Without going into specifics about the nature of my current investigations, it’s interesting to me to see what different clients pay for roughly the same services. If one client has 300 users and another only 50, it’s logical that there will be an objective price difference, but how does the price-per-user hold up? How much more labor-per-user is one company using over the other? Extending these questions out to an entire customer base, identifying engineering efficiencies as well as the normalized value of contracts are key methods to designing, implementing, and establishing a sustainable service model.

Statistics are a powerful tool, but what also matters is the presentation. There’s a fantastic website (and now book) called Spurious Correlations, which combs through large amounts of data to find charts and graphs that look related, but likely have nothing to do with one another. Take this image for example; it would not be difficult to present the idea that these two data sets have some manner of causal link:

Does the amount of crude oil imported from Norway in any way relate to the number of drivers killed by railway trains? It would be a very long stretch of the imagination to say they do, but when presented like this, the argument—or at least suggestion—could certainly be made.

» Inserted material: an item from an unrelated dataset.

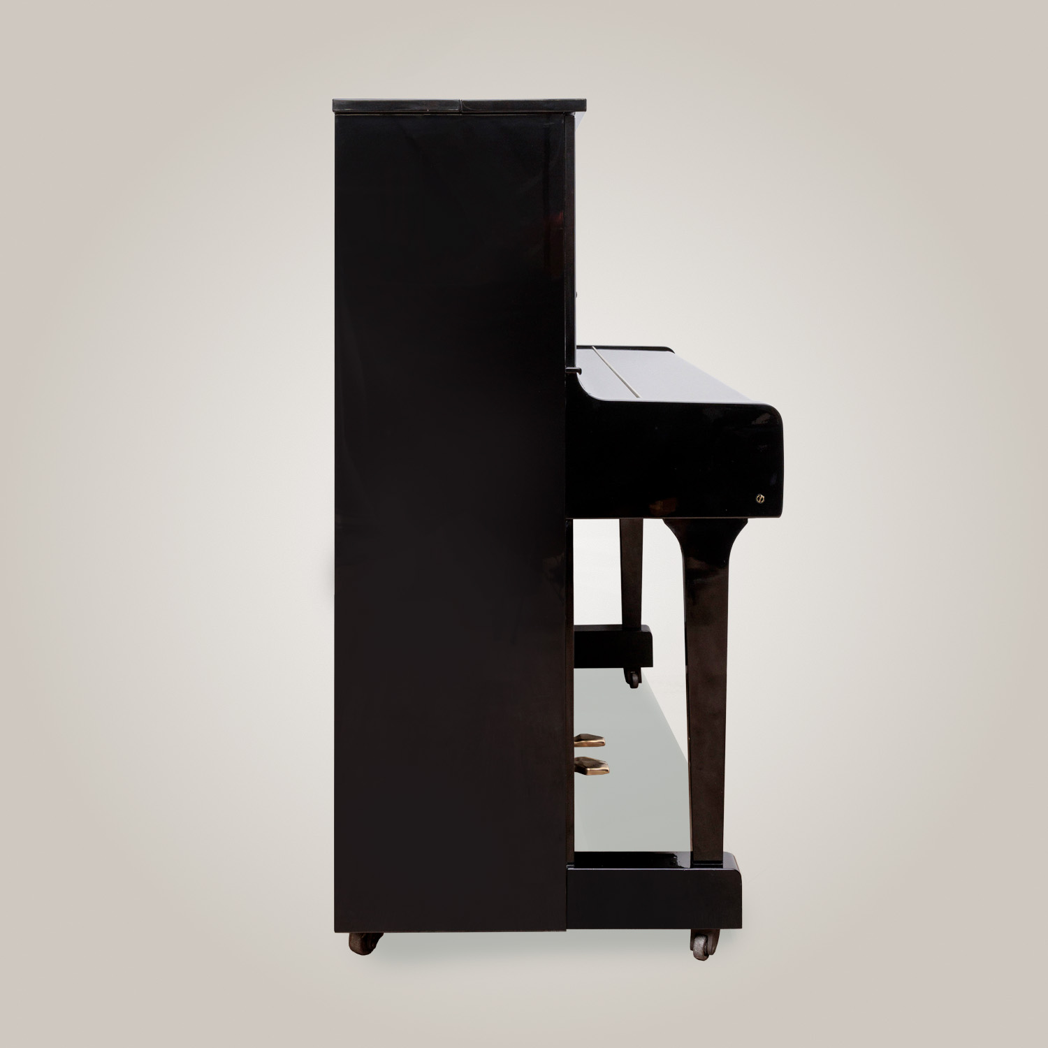 Couvercle en deux parties. Cylindre à fermeture manuelle. Roulettes. Consoles. Serrure. Trois pédales en laiton (forte, douce, sourdine).

There’s the old adage “figures never lie, but liars always figure.” When I’m discussing metrics, both those internal to our company and those that get thrown around in the media, I very often feel it necessary to remind myself and others that the data isn’t the whole story; it only presents what it presents and any inferences thereof are mine and mine alone.

If I look at a particular IT client in isolation and see that, on average, they pay $20 per month per employee for IT support, I may be disheartened because that number may be so far below the average. Only looking at that metric, it may be easy to say that they are a problem client and their continued service is functionally costing us money. However, if I add in that we do an average of 3 minutes of labor per client employee per month, all of a sudden that contract looks remarkably profitable, as their effective billing rate is nearly $400 per labor hour.

Does that make this contract valuable for the company? That isn’t something the data can give you. The data don’t care about what your management philosophies or quarterly goals are—the data are the data. It’s up to a company to determine what it finds valuable and what metrics are important to measure, and how that will inform their next steps.

Ideally the role I’d love to have is helping manage those processes and values, using data to help drive policy and procedure to maximize effectiveness. My higher-ups are starting to see the value in the metric-specific work I’ve been doing between other projects, and I look forward to the day where this becomes my primary job role instead of an adjunct analysis that I do whenever it fits into my schedule.